**EXERCISE INSTRUCTIONS:**
Pull every line holding the word "Valley" out of the data and copy it.

**DATA RECORDS:**
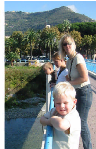
Rain in August, Sunshine in October
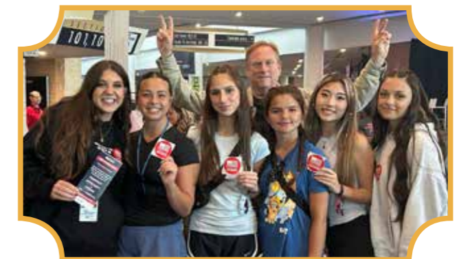
752,000 voter surveys completed
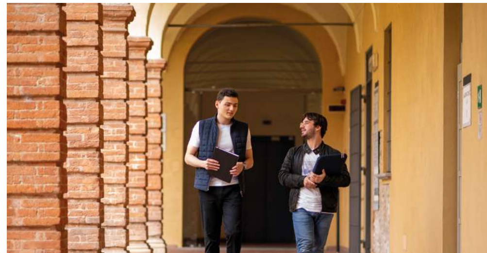
Campus Caserma Neve

The Politecnico is a point of excellence among Italian and international universities, synonymous around the world with quality and innovation, even in its relationships with social organisations and local companies. This result has been fed by the progressive spread of the university across the area, expanding since the 1980s from the centre of Milan and establishing campuses in different cities of Northern Italy.
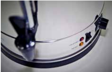
Indicator lights for practicality

Available in 3 sizes for whichever event you're organising.
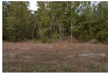
Figure 2 Subject parcel
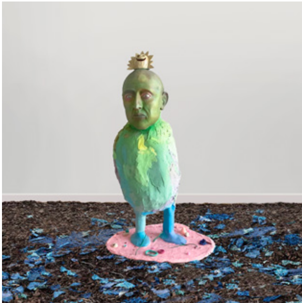
Sunburst Sprite mixed media, 85 x 40 x 38 cm
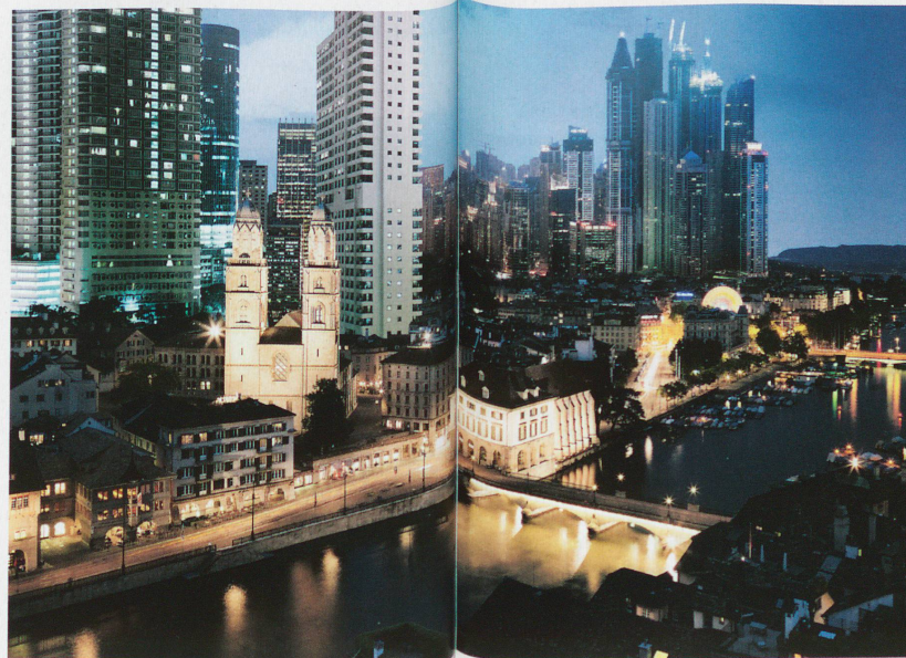
A scenario presented by critics of immigration for the city of Zurich

However, the problems mentioned cannot simply be dismissed. The SVP is far from the only party with immigration on its agenda. The Social Democrats are also taking notice of people's anxieties. They presented a policy paper on immigration in 2012. However, unlike the SVP, they are not seeking the immediate revocation of the free movement of persons. Their solution is to bulk up the accompanying measures to counter wage pressure and high rental costs. They regard "misguided con-
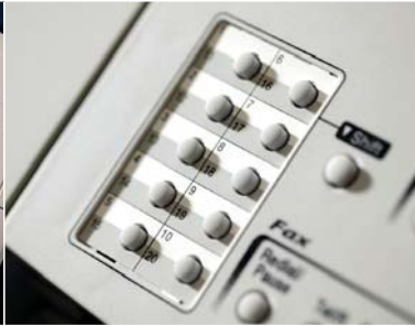
20 One-touch dial locations
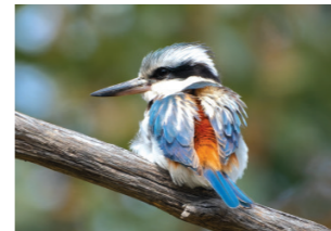
Red-backed Kingfisher Todiramphus pyrrhopygius Size: 20-24cm Habitat: Waterways

We acknowledge the Bunurong People of the Kulin Nation as the Traditional Owners of the lands, rivers and coastal areas in Hobsons Bay. We recognise the First Peoples' relationship to this land and offer our respect to their Elders past and present.
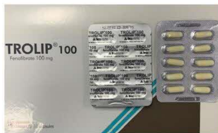
74. FENOFIBRATE 100MG CAPSULE (TROLIP)
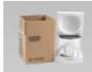
1/1 Quart Page 5
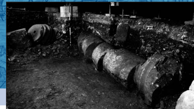
Photo of the collapsed Roman column as found by archaeologists beneath the Minster

The junction of Petergate and Stonegate lies on the site of the junction of the two most important streets of the Roman fortress, the via praetoria which led to the main gate (St Helen's square), and the via principalis which joined the north-west and south-east gates (at Bootham Bar and King's Square).
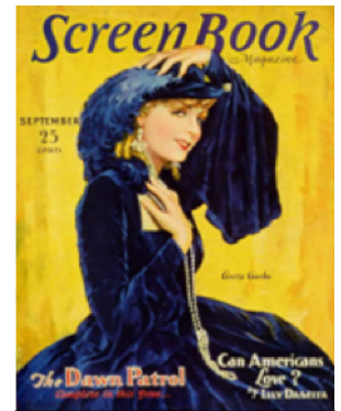
Garbo in the "hat that started it all," 1930.

The Empress Eugenie had been the wife of Napoleon III, who ruled France from 1853 to 1871. She set the original fad for a little perched hat with a plume back in 1860. Seventy years later, another widely influential trend setter, Greta Garbo, was credited with (or blamed for) having revived the fashion when she wore an "Empress Eugenie hat" in the 1930 movie Romance . Felt and velvet were the favored materials, with black, "mascara brown," "kiltie green" and "brandy wine" being the favored colors for fall. The regard for romantic, old-fashioned styles carried over into other accessories that season too – from French Colonial-influenced shoes to Victorian revival jewelry, from "Empress Eugenie" miniatures to cameos. Beauty salons were quick to offer "Empress Eugenie" hair styles, also.
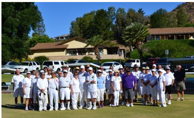
Group photo at Friendly Valley - 18 April 2015

Fourteen teams from nine different clubs participated in the 2015 Mix/Match Doubles Tournament at Friendly Valley in Santa Clarita on Saturday 18 April. Teams from Alhambra, Friendly Valley, Hermosa Beach, Long Beach, Holmby Park, Oxnard, Santa Barbara, Santa Monica, and Sun City took part.
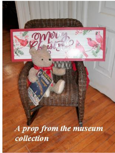
A prop from the museum collection
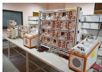
Experimental setup on Power System Laboratory
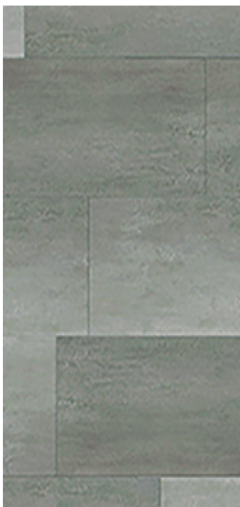
Ocean View | NFRC0303
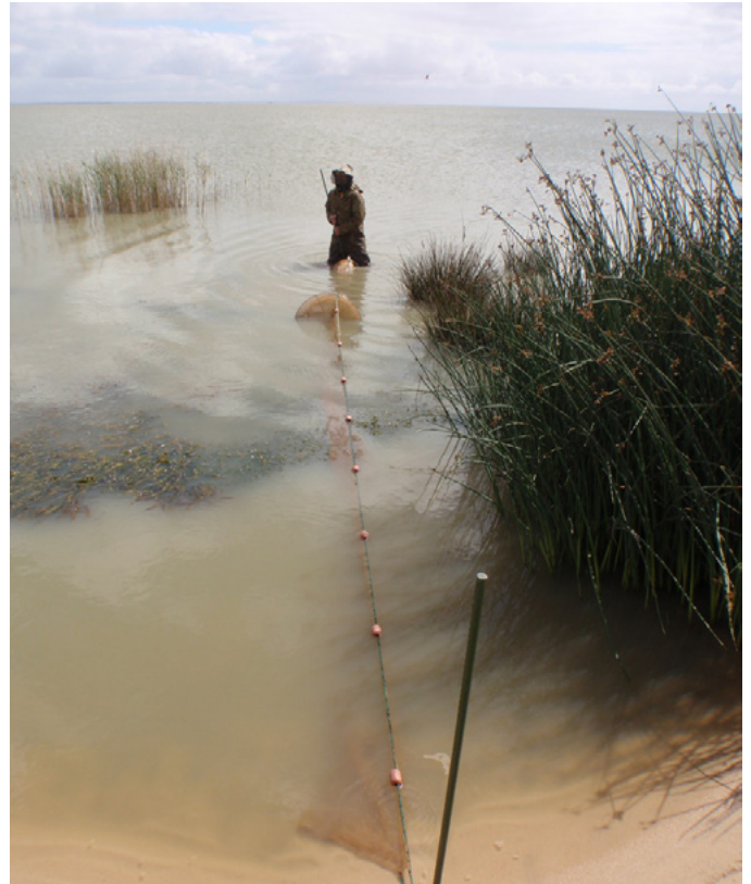
Fyke netting for fish, Lake Alexandrina

Nearly 79,000 waterbirds from 58 species were recorded in the Lower Lakes in January 2014, which equates to only 25 per cent of the total number of waterbirds recorded throughout the whole site in this year. The most abundant species were the Australian Shelduck ( Tadorna tadornoides ) and Great Cormorant ( Phalacrocorax carbo ). High and stable water levels generally reduce productivity and are not ideal conditions for many waterbirds, especially migratory waders.

**RESULT FOR THIS EXERCISE:**
Group photo at Friendly Valley - 18 April 2015
Fourteen teams from nine different clubs participated in the 2015 Mix/Match Doubles Tournament at Friendly Valley in Santa Clarita on Saturday 18 April. Teams from Alhambra, Friendly Valley, Hermosa Beach, Long Beach, Holmby Park, Oxnard, Santa Barbara, Santa Monica, and Sun City took part.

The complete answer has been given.